De l’avarice, du gaspillage et de la pauvreté - Les pauvres - Simmel
De l’avarice, du gaspillage et de la pauvreté
Or il est très caractéristique de l’hégémonie de l’argent sur nos modes de pensée que l’on aura tendance à désigner comme avarice — au sens de l’attrait exercé par l’argent — une série de phénomènes qui en sont en réalité l’exact contraire. Je pense ici à ces gens qui réutilisent une allumette ayant déjà servi, qui prennent soin de récupérer les pages vierges d’une lettre, qui conservent soigneusement le moindre bout de ficelle et consacrent une énergie considérable à retrouver la moindre épingle égarée.
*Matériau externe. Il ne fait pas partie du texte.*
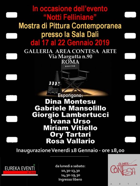 Notti Felliniane è un appuntamento annuale che la galleria Area Contesa Arte di via MARGUTTA 90 a Roma organizza puntualmente presso i suoi spazi espositivi. Quest'anno l'intera galleria esporrà opere, sculture e fotografie con un tema chiaro e definito: il fantastico mondo di Federico Fellini, grande regista che tutto il mondo ci invidia. La mostra è organizzata dalle sorelle Tina e Teresa Zurlo, proprietarie dello spazio Area Contesa Arte. All'iniziativa ha aderito con piacere il gruppo Eureka Eventi di Massimo Picchiami, che in uno degli spazi espositivi presenterà alcuni dei suoi artisti (Dina Montesu, Gabriele Mansolillo, Giorgio Lambertucci, Ivana Urso, Miriam Vitiello, Ory Tartari e Rosa Vallario). La mostra potrà essere visitata dal 17 al 22 gennaio con il seguente orario: da lunedì a sabato: 10,30-13,30 e 14,30-19,30 - ingresso libero.
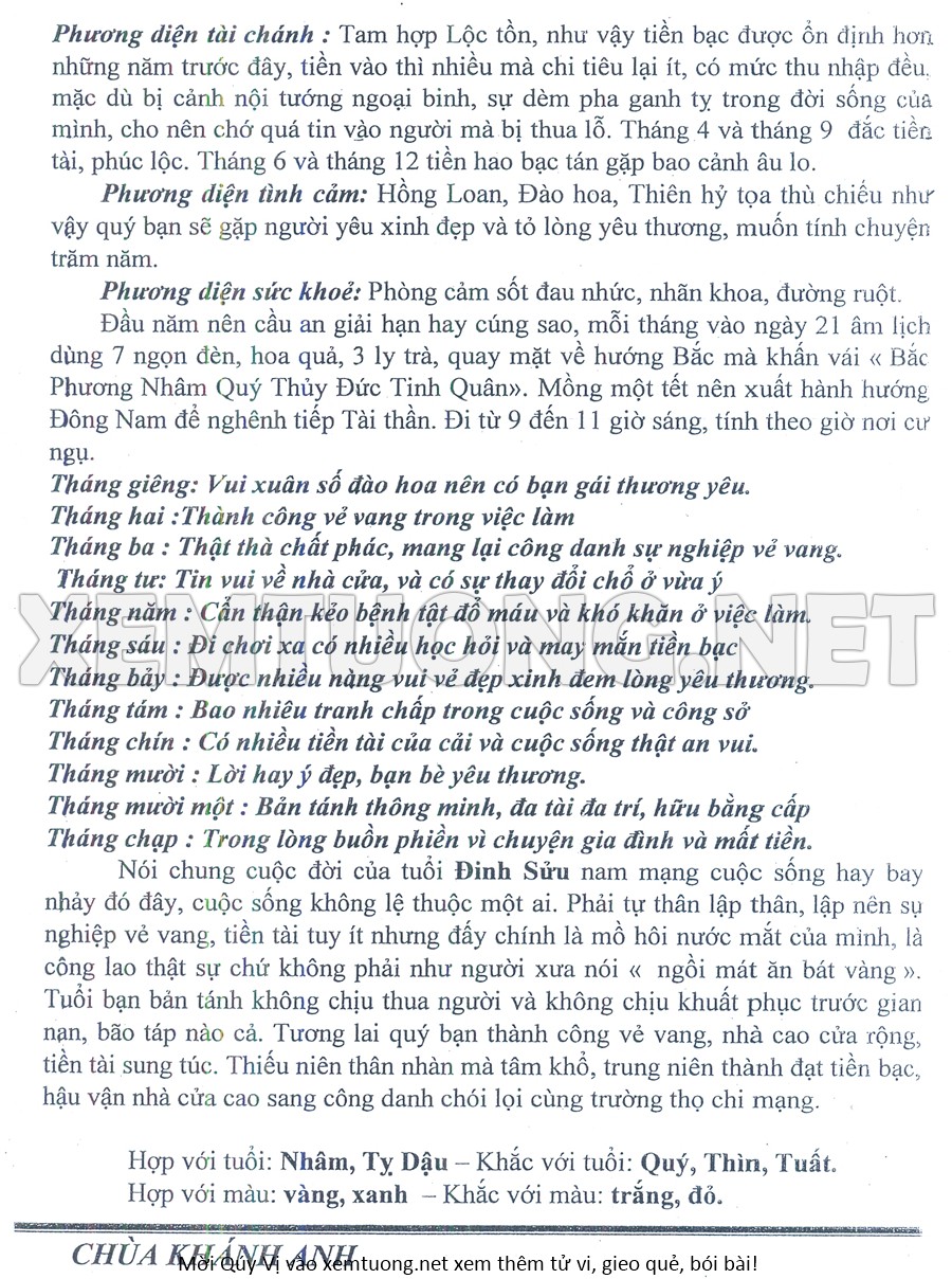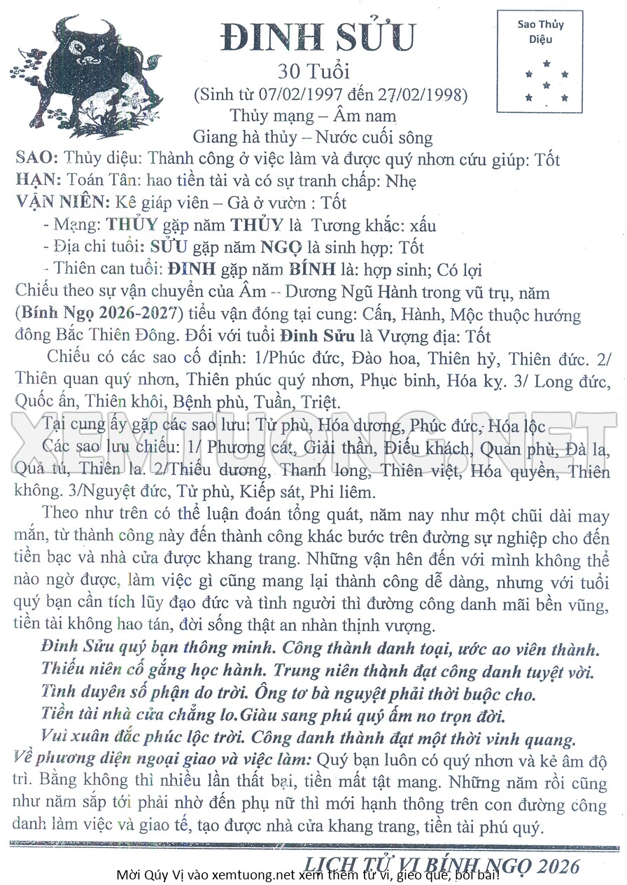 Tử Vi Năm Bính Ngọ 2026 mạng nam ĐINH SỬU
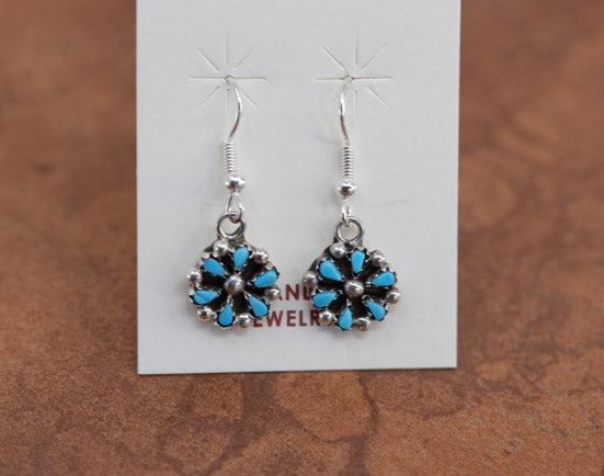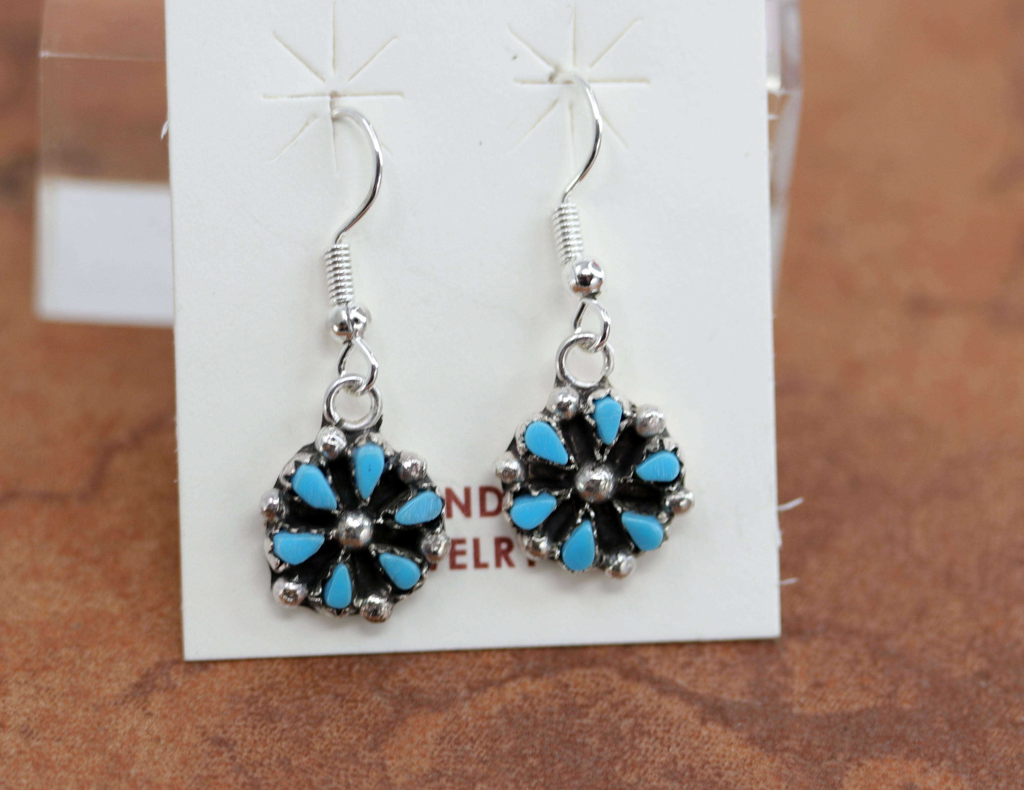 Zuni Native American earrings by Trisha Leekitty. They are made from sterling silver and turquoise. Each earring is 1 3/8" in length, and about 5/8" in width.

Ces personnes-là, on les appelle avares, parce qu’on s’est habitué à confondre spontanément le prix des choses et leur valeur. Mais, en fait, ces personnes, se comportant ainsi, n’ont absolument pas à l’esprit la valeur monétaire de ces objets : l’intensité des sentiments ici éprouvés se porte précisément sur la valeur concrète de ces objets, qui, à leurs yeux, est sans proportion aucune avec leur valeur monétaire. Dans de très nombreux cas au moins, il ne s’agit absolument pas pour ces personnes économes de sauver quelques pfennigs ; c’est précisément parce qu’elles ne sont pas obnubilées par l’argent — lequel permet de se procurer sans aucune difficulté les objets en question —, qu’elles montrent assez souvent ici une indépendance certaine et n’attachent de la valeur qu’à la chose seule.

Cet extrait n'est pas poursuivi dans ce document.